2. The heat exchanger assembly of claim 1, further comprising: a turbulator in the at least one refrigerant tube assembly, wherein the turbulator is configured to move water through the at least one tube assembly in a helical manner.
3. The heat exchanger assembly of claim 1, wherein an outside surface of the at least one refrigerant tube assembly includes a turbulator on an outside surface of the body so that water flowing between the at least one water jacket and the at least one refrigerant tube assembly is directed in a helical manner about the at least one refrigerant tube assembly.

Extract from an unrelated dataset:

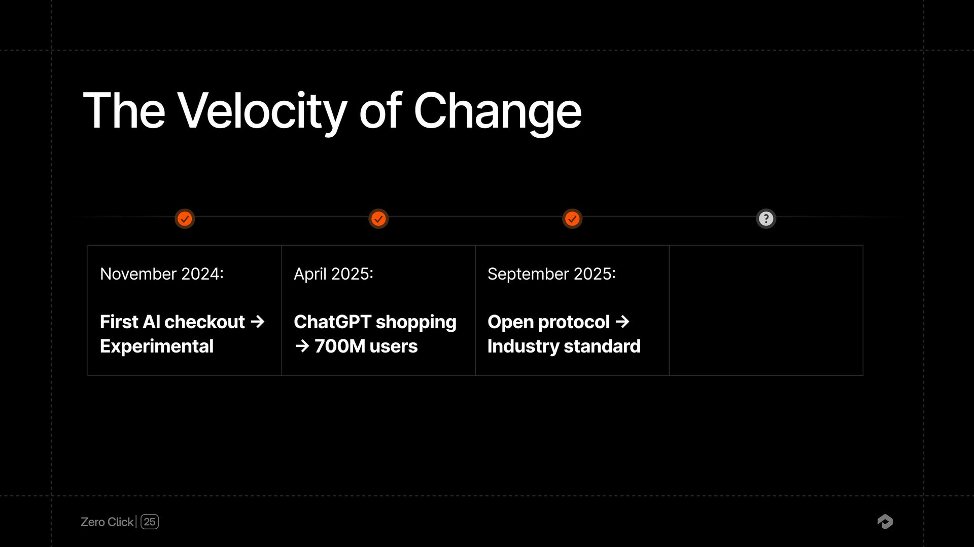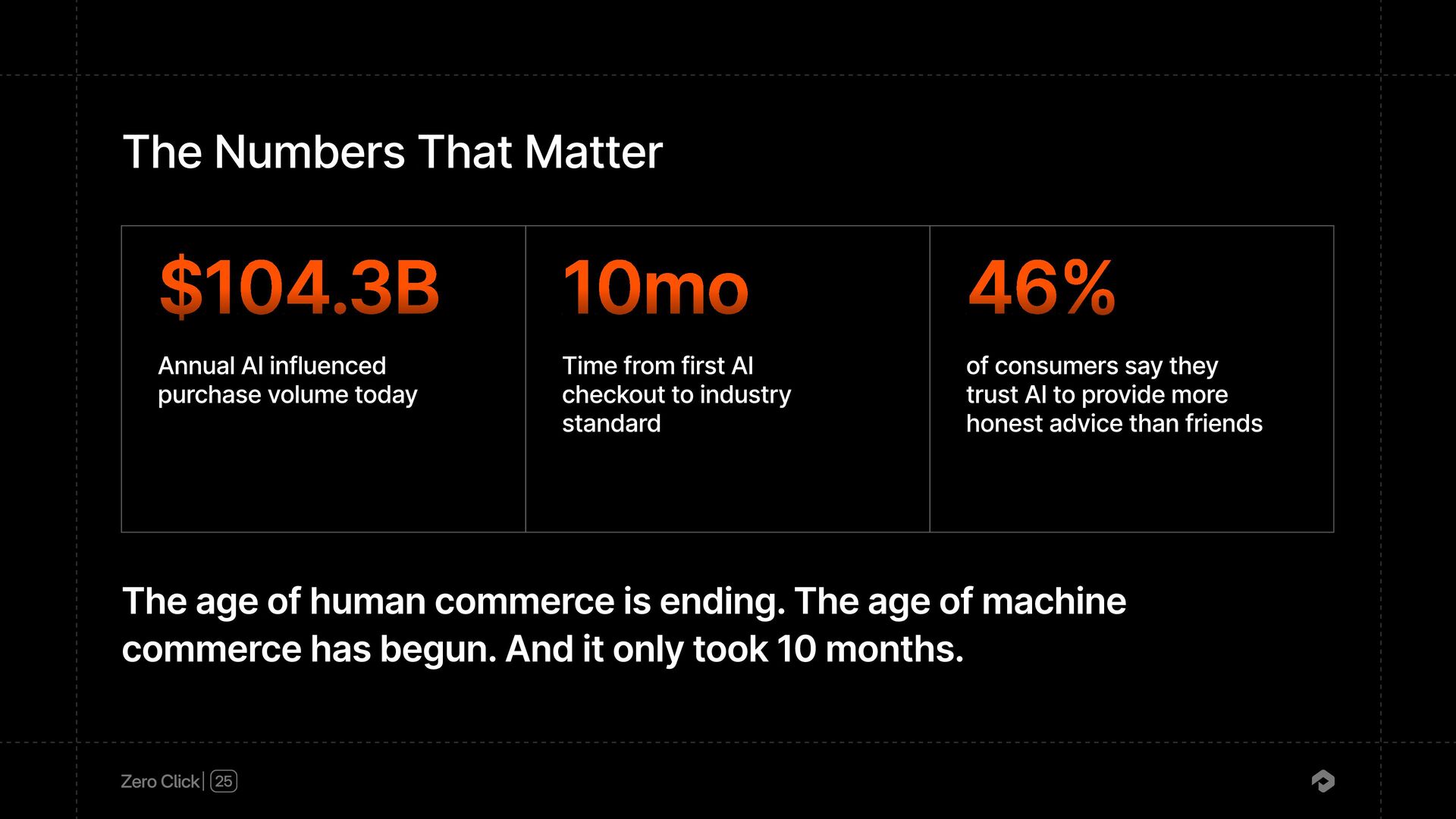 today 10mo Time from first AI checkout to industry standard 46% of consumers say they trust AI to provide more honest advice than friends The age of human commerce is ending. The age of machine commerce has begun. And it only took 10 months.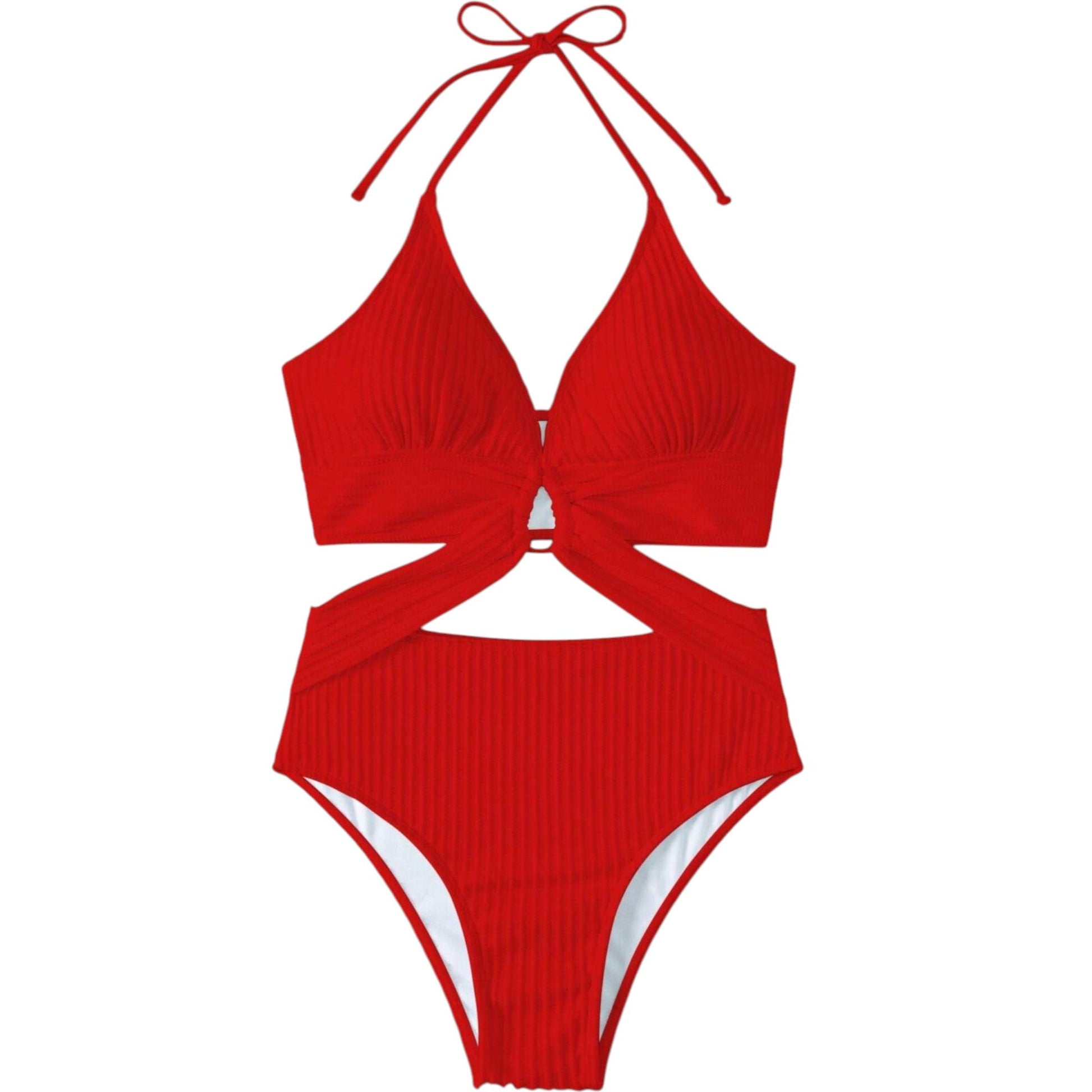 Címke nélküli, piros, bordás anyagú, nyakba akasztós, elől megkötős, oldalt kivágott egyrészes fürdőruha.

4. The heat exchanger assembly of claim 3, wherein the turbulator is a fin.
5. The heat exchanger assembly of claim 4, wherein the turbulator is a tube helically wrapped around the body of the at least one refrigerant tube.
6. The heat exchanger assembly of claim 1, water leaving the water jacket sub assembly flows into the housing via at least one eruptor.
7. The heat exchanger assembly of claim 1, further comprising: an endcap configured to direct a flow of water from the at least one water jacket to two water jackets.
8. The heat exchanger assembly of claim 1, further comprising: a T configured to flow the refrigerant to two refrigerant tube assemblies.
9. The heat exchanger assembly of claim 1, wherein the refrigerant core subassembly includes a refrigerant tube assembly which receives refrigerant from two refrigerant tube assemblies.
10. The heat exchanger assembly of claim 1, wherein the refrigerant core subassembly includes a plurality of refrigerant tube assemblies at least partially enclosed by a plurality of water jackets of the water jacket sub assembly.
Applications Claiming Priority (2)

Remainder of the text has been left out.